In trying to keep a closed loop cycle at my small place, I've found "Keeping Poultry and Rabbits on Scraps"

http://www.amazon.com/Keeping-Poult...2319/ref=sr_1_1?ie=UTF8&qid=1300673321&sr=8-1

very helpful. It was written in 1941 in Britain for the war effort, and reissued in 1949. The copies available now are facsimiles.

There was a bran ration for poultry and rabbits, but the feeding information has mashes and garden and foraged foods that are not grains ("corn," in British English.) 

The book is a guide for home meat production without purchased inputs. There are also some nice ideas for poultry and rabbit housing from found materials.

Best of luck!

Kathy


----------



## Spinner (Jul 19, 2003)

wyld thang said:


> ...
> ps, a hundred years ago people here used to tag their pigs and let them run loose in the forest, then round them up in the fall


They still do that here. They use ear notches to identify them. One old man owned 100's, he died a couple years ago and people are still finding his ear marked hogs running wild.


----------



## FourDeuce (Jun 27, 2002)

tinknal said:


> Maybe in Arkansas.
> 
> I was speaking specific to northern climates. From sometime in October til sometime in April I would have to provide every calorie those birds consume, and without artificial light they won't produce much in those months.


It's not by accident that I ended up in a "southern" area.
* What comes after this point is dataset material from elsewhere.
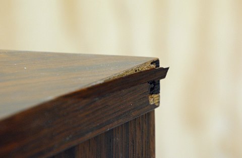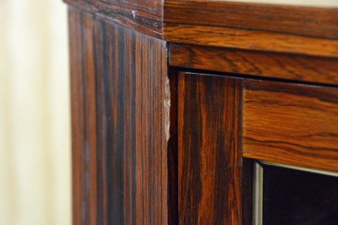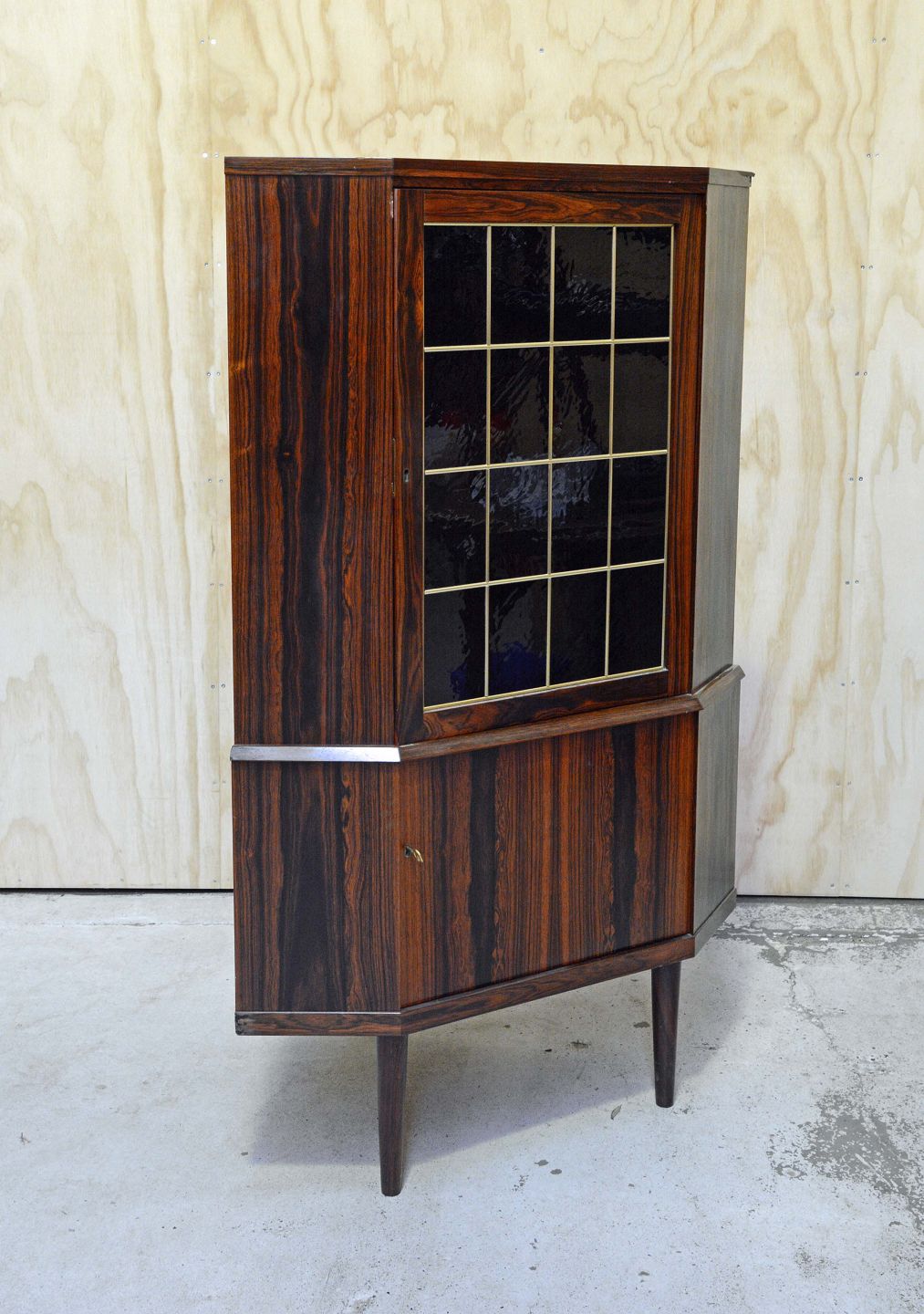 Hjørneskab i palisander. Brugsspor - ridser og nøk i træet.

I always figured that if I have to provide my own food, then living in a southern area would make that much easier than living further north.


----------



## FourDeuce (Jun 27, 2002)

wyld thang said:


> I wonder how long it takes a baby garter snake to die in a chicken tummy? writhing around...does it make the chicken queasy?
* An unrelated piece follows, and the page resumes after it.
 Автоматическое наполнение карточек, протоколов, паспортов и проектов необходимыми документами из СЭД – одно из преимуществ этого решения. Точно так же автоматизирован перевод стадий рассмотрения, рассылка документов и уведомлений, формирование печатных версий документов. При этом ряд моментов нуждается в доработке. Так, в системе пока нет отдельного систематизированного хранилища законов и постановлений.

NOTHING seems to bother those chickens once they swallow it. I flipped over a hay bale once and found a nest of baby mice. The chickens came over, started clucking like crazy and pounced on the mice, gobbling them down like popcorn. When they got the bigger mice they sometimes pecked and tore them in half before they swallowed them, but they didn't waste much time doing it.


----------



## PyroDon (Jul 30, 2006)

FourDeuce said:


> It's not by accident that I ended up in a "southern" area. I always figured that if I have to provide my own food, then living in a southern area would make that much easier than living further north.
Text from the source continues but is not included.